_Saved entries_
-- Opening Marker --

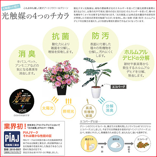 しかも、飾るだけでお部屋の空気を浄化してくれる「光触媒機能付き」だから、目で楽しめ、機能でもうれしい。
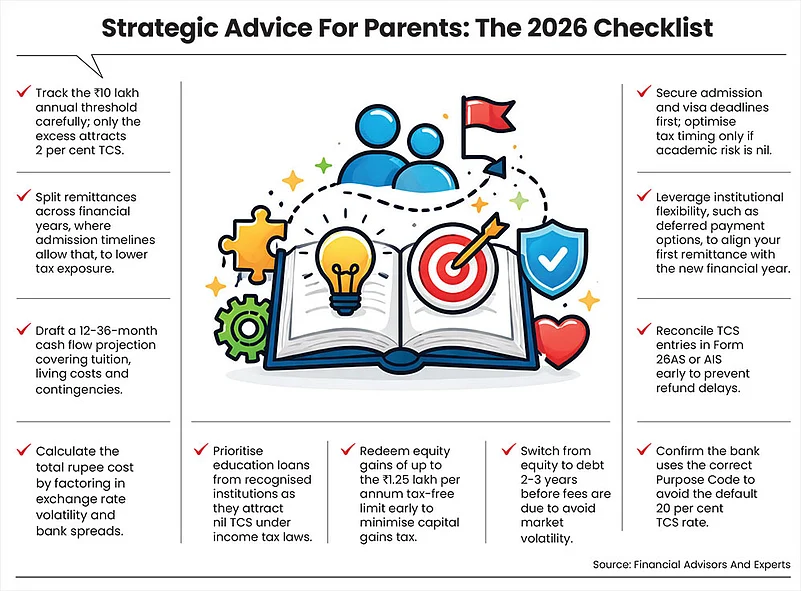 But it is important to track the annual threshold and plan the timing of transfers carefully to calculate the benefit. Dishit Parekh, chartered accountant (CA), certified financial planner (CFP), and founder of Foresight Financial Advisory, a mutual fund distributing firm based in Ahmedabad, says, “If tuition and living expenses are close to Rs 10 lakh, families may consider splitting remittances across financial years where timelines allow, in order to reduce exposure to TCS.”
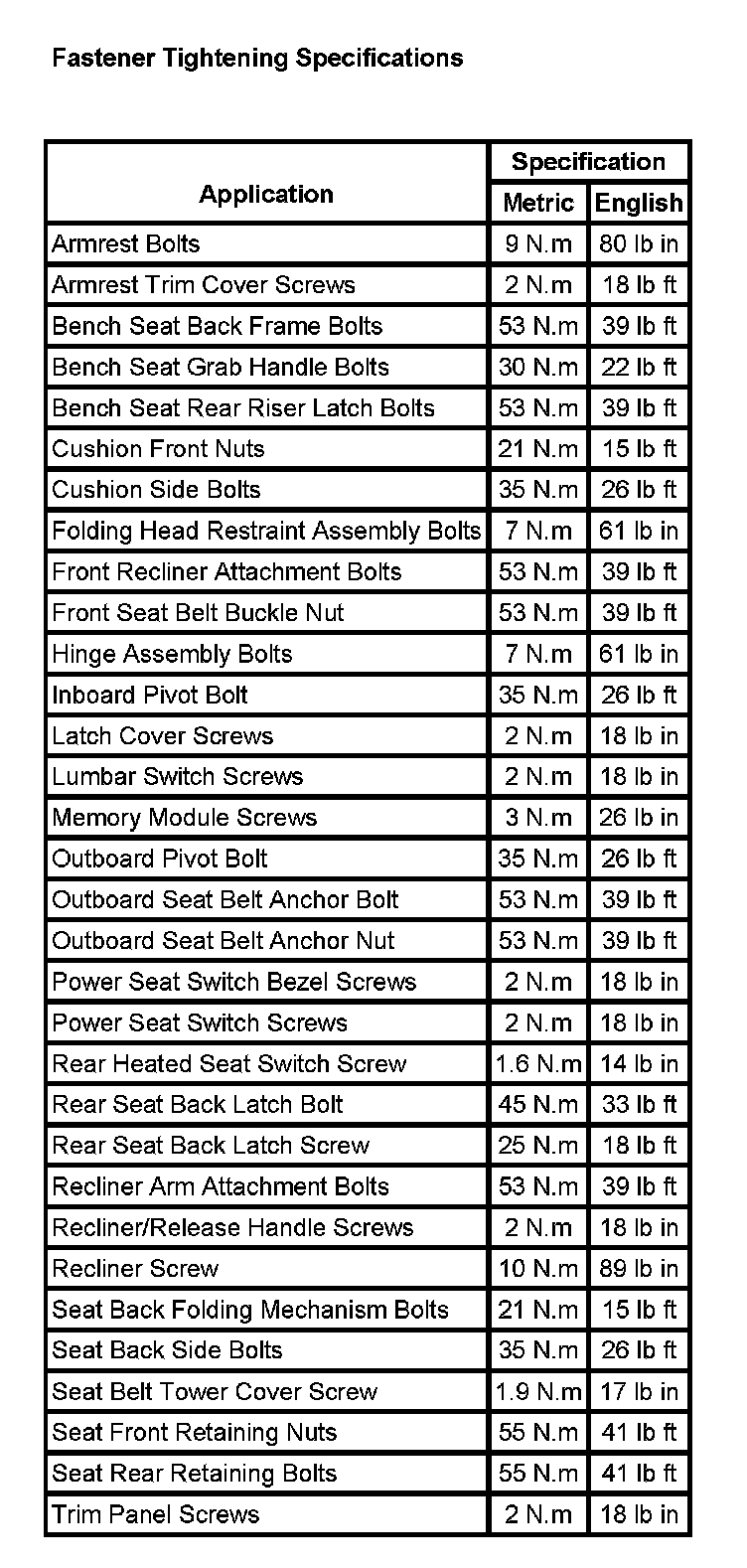Seats: Specifications
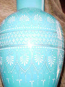 Tall and glamorous, this finely crafted glass overlay vase is a real tour de force. The underlying white glass layer lends a varied luster to the turquoise blue, rather like ancient Persian glazes. The tall-necked baluster form of the piece and the intricate palmate and dotted designs enameled on the surface, echo this appeal to Orientalism. There is a hallmark that I have not deciphered, a script letter "A" in an artist's palette. English or Continental, circa 1880. Condition is almost mint, except for some wear to the slight gilded areas. Approximately 11 inches tall by 6-1/2 inches in diameter. Very stunning.
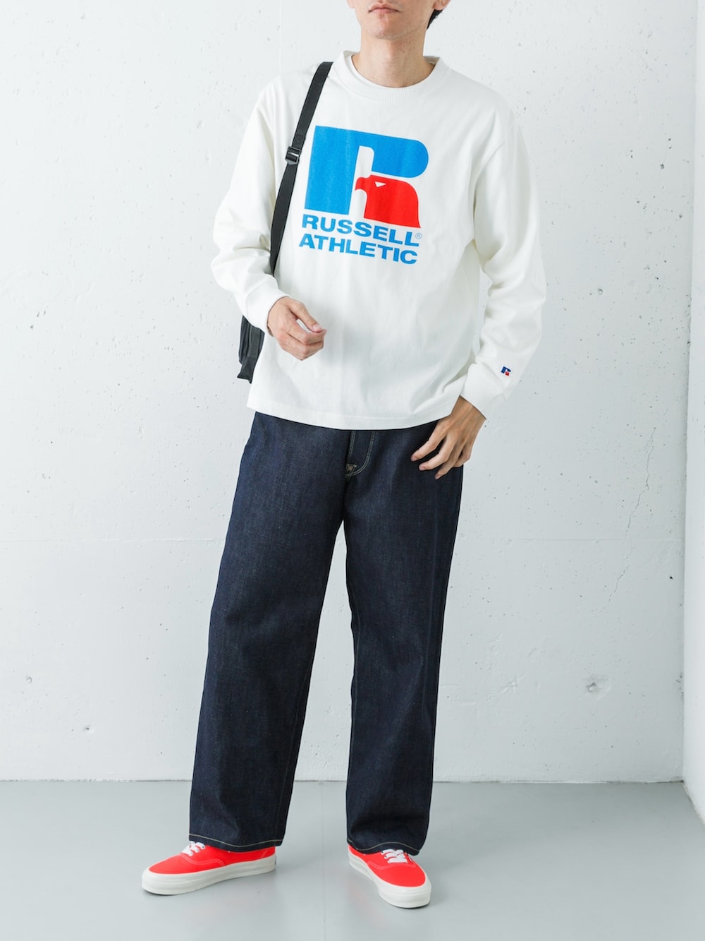 ベースは、RUSSELL ATHLETICのヘビーウェイトロンTと、Lee101のリジットデニムという、米国を代表する名門同士のタフな組み合わせ。肉厚な白Tシャツに、糊の効いた硬質な濃紺デニムを合わせることで、飾り気のない男らしいシルエットを構築しています。

-- Closing Marker --

_What you have to do_
All entries, top to bottom, should be retyped exactly; the pictures should not be.

_Written solution_
 しかも、飾るだけでお部屋の空気を浄化してくれる「光触媒機能付き」だから、目で楽しめ、機能でもうれしい。
 But it is important to track the annual threshold and plan the timing of transfers carefully to calculate the benefit. Dishit Parekh, chartered accountant (CA), certified financial planner (CFP), and founder of Foresight Financial Advisory, a mutual fund distributing firm based in Ahmedabad, says, “If tuition and living expenses are close to Rs 10 lakh, families may consider splitting remittances across financial years where timelines allow, in order to reduce exposure to TCS.”
Seats: Specifications
 Tall and glamorous, this finely crafted glass overlay vase is a real tour de force. The underlying white glass layer lends a varied luster to the turquoise blue, rather like ancient Persian glazes. The tall-necked baluster form of the piece and the intricate palmate and dotted designs enameled on the surface, echo this appeal to Orientalism. There is a hallmark that I have not deciphered, a script letter "A" in an artist's palette. English or Continental, circa 1880. Condition is almost mint, except for some wear to the slight gilded areas. Approximately 11 inches tall by 6-1/2 inches in diameter. Very stunning.
 ベースは、RUSSELL ATHLETICのヘビーウェイトロンTと、Lee101のリジットデニムという、米国を代表する名門同士のタフな組み合わせ。肉厚な白Tシャツに、糊の効いた硬質な濃紺デニムを合わせることで、飾り気のない男らしいシルエットを構築しています。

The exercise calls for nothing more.